__SUPPLIED MATERIAL__:
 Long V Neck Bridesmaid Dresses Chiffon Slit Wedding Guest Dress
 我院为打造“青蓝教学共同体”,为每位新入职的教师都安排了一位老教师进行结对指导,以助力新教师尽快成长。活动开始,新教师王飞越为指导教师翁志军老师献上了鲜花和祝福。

---

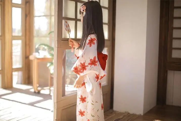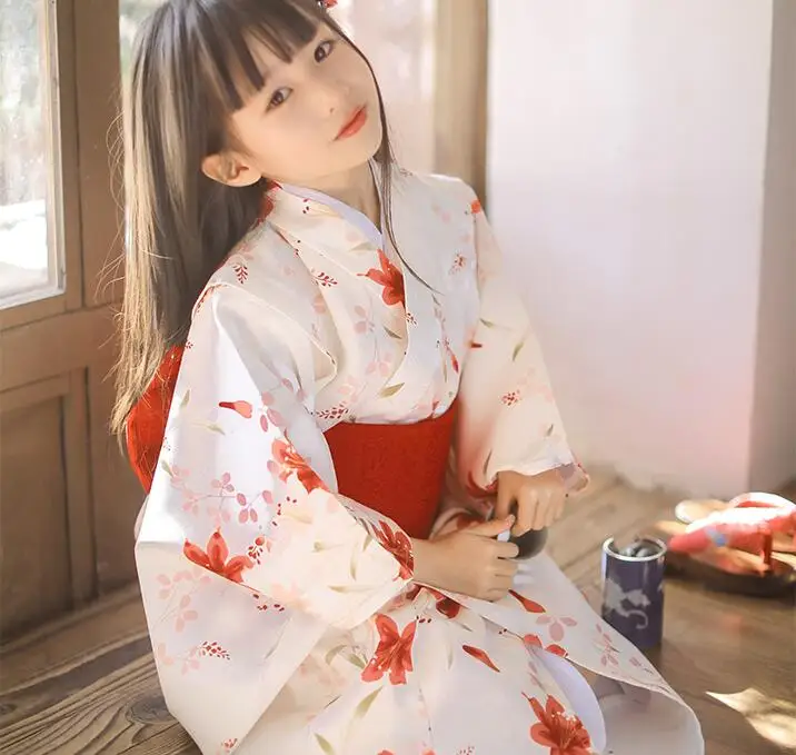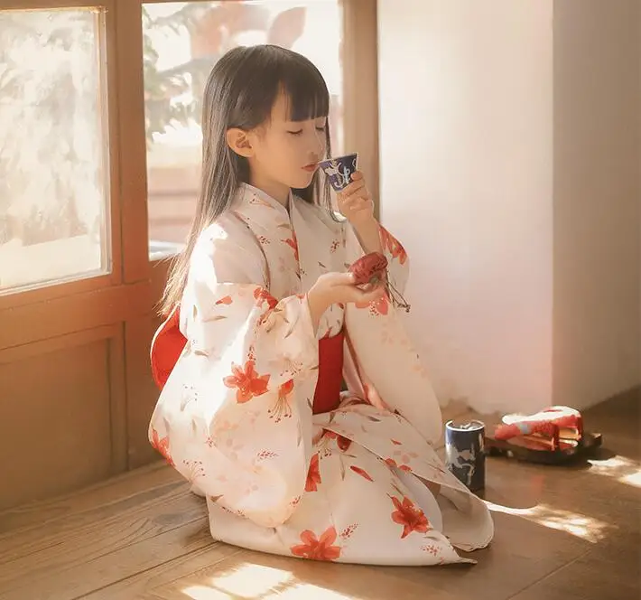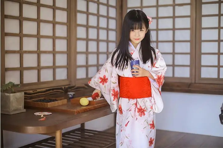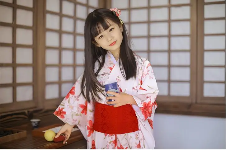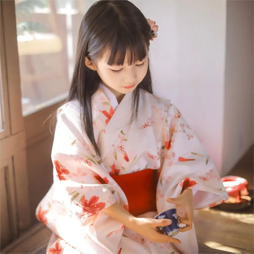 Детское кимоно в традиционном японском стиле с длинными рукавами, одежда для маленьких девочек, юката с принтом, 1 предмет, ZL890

---

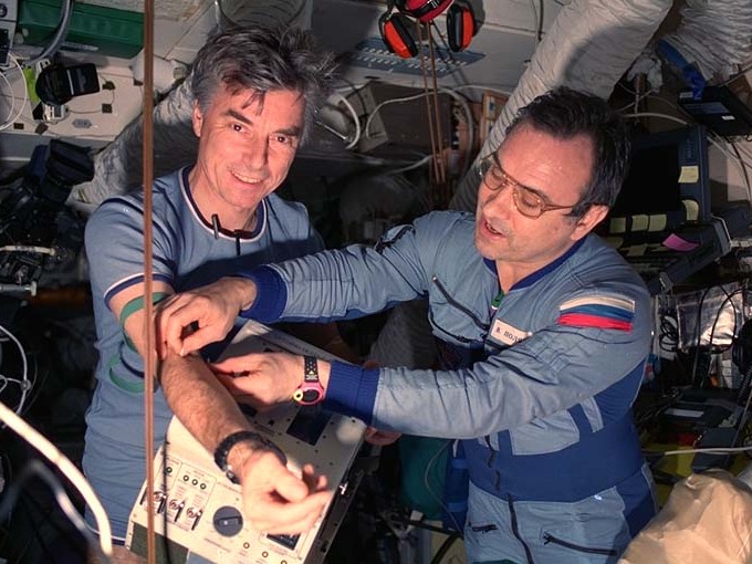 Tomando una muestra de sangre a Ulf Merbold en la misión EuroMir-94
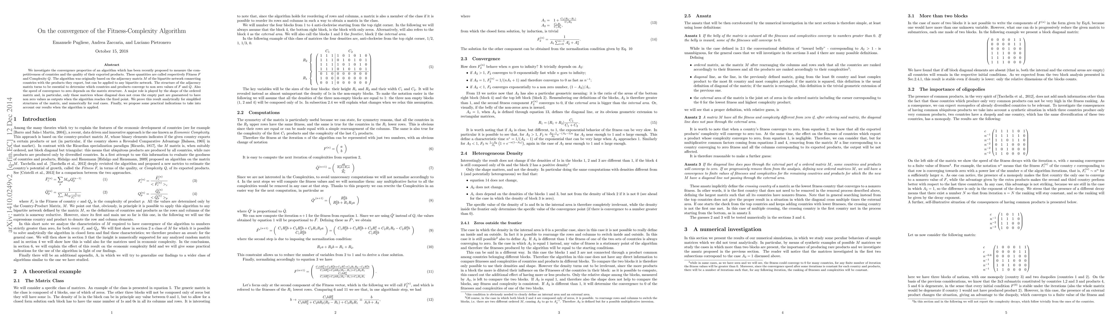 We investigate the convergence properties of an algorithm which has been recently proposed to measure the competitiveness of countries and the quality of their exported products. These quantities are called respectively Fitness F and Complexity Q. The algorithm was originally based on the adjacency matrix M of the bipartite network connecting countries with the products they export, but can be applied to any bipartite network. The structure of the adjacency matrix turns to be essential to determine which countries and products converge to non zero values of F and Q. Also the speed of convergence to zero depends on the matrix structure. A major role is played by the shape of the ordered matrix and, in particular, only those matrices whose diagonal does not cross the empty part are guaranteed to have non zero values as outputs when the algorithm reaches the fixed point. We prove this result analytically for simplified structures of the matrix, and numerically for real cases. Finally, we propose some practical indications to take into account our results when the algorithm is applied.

__WORK TASK__:
Output exactly, and only, the lines of the entries above from the one with "Tomando una muestra" up to and including the one with "We investigate the"; pictures are to be left out.

__SOLUTION__:
 Tomando una muestra de sangre a Ulf Merbold en la misión EuroMir-94
 We investigate the convergence properties of an algorithm which has been recently proposed to measure the competitiveness of countries and the quality of their exported products. These quantities are called respectively Fitness F and Complexity Q. The algorithm was originally based on the adjacency matrix M of the bipartite network connecting countries with the products they export, but can be applied to any bipartite network. The structure of the adjacency matrix turns to be essential to determine which countries and products converge to non zero values of F and Q. Also the speed of convergence to zero depends on the matrix structure. A major role is played by the shape of the ordered matrix and, in particular, only those matrices whose diagonal does not cross the empty part are guaranteed to have non zero values as outputs when the algorithm reaches the fixed point. We prove this result analytically for simplified structures of the matrix, and numerically for real cases. Finally, we propose some practical indications to take into account our results when the algorithm is applied.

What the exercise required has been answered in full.